I suspect she paid that fine because within a few weeks she was back in court, this time at Bow Street. A Mr Armstrong testified that Tottie had tried ‘to push into his house’ and was ‘otherwise molesting him’. Once again she was well dressed, with ‘a profusion of rings’, and presented herself in what one paper described as ‘her usual simpering semi-hysterical manner’. The court ordered her to find two sureties of £20 each for her ‘good behaviour for six months’. A tall order one imagines.

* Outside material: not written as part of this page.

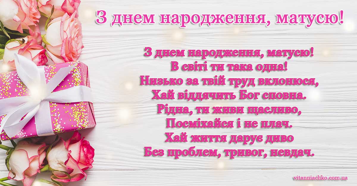 З днем народження, матусю моя! Тобі, моя рідна, щиро хочу побажати здоров'я, величезного щастя, терпіння, щоб більше відпочивала і більше посміхалася. Щоб твої роки ніколи не відбивалися на твоєму обличчі, ти завжди почувала себе молодою душею та тілом. Ніколи не сумуй, знай, що я завжди буду поряд. З днем народження, мамо моя!

That was not the end of Tottie, in April 1890 she was back at Marlborough Street (as Dolly Leblane) where she was remanded on a charge of drunk and disorderly. Sergeant Brewer, the court’s gaoler, told Mr Newton that this was Tottie’s 31stappearance in court. She’d racked up well over 31 by May that year, appearing on a simailr charge having been arrested ‘amongst a lot of disorderly women’ in Piccadilly and telling the same story about her ‘mamma’ having ‘brought her out and lost her’. Sergeant Brewer not totaled her charges at 45 and gave Mr Newton (and us) some background to her story.

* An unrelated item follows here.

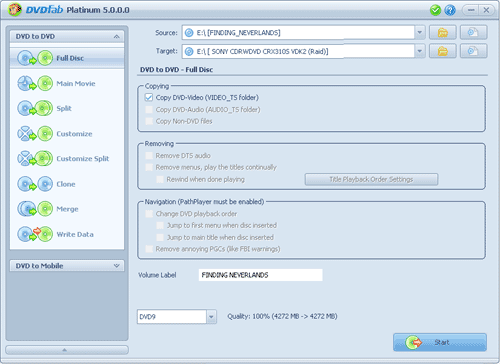 1.2. After the program read your DVD disk, from the options on the left on the interface, select Disk Full, make sure to copy and tick Copy DVD-VIDEO (VIDEO_TS folder), choice DVD5 at the botton options.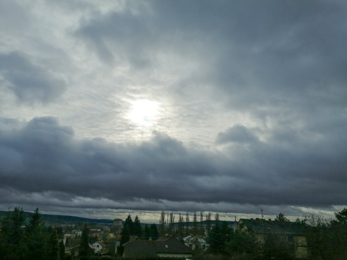Po trvalém dešti. Mírný vítr. Protrhávání oblačnosti od SZ.

‘Her father was a costermonger’, the gaoler explained. ‘and for many years he resided in the Seven Dials, and was a member of the gang known as “The Forty Thieves,” ‘.

At this Tottie spoke up from the dock.

‘Oh, how can you say so? If I am a gay woman [i.e a prostitute] , you have no right to say that I am not a lady’.

She was remanded, as charges of theft were also alleged. He asked for a plain clothes officer to ‘see what he can find out’. On the 18 May she was up again charged with stealing clothes from a Mrs Green valued at £2. Her criminal career was catching up with her and Mr Newton was determined that ‘I must be stopped’. He committed her for a jury trial; things were getting ominous for Tottie.

On the 27 May 1890 Tottie (as Dolly Le Blanc) was tried at Clerkenwell Green in the London County Sessions on a charge of stealing with intent to defraud. She claimed to be an actress at the Alhambra Theatre but the manager appeared to deny this was the case. Her fantasies continued, and she wove an elaborate story of taking a train from Paris, having breakfast with her daughter, forgetting her luggage at Victoria and denying both charges of stealing clothes and food. Despite a ‘tearful appeal to the Court’ the jury convicted her and she was sent to prison for six months with hard labour.

That ought to have been the end of it but she appears again, several times in 1891 (in April at Marlborough Street for example, charged with fraud and theft). This time a pen portrait of Tootie by the artists ‘P.I.P’  was reproduced in the Illustrated Police News alongside a lengthy account of her life and crimes. In May she was on trial for obtaining goods by false pretenses and sentenced to 12 months. She gave her name as Dorothy Le Blanc and the court recorded her age as 42. The papers referred to its as her ‘temporary retirement’.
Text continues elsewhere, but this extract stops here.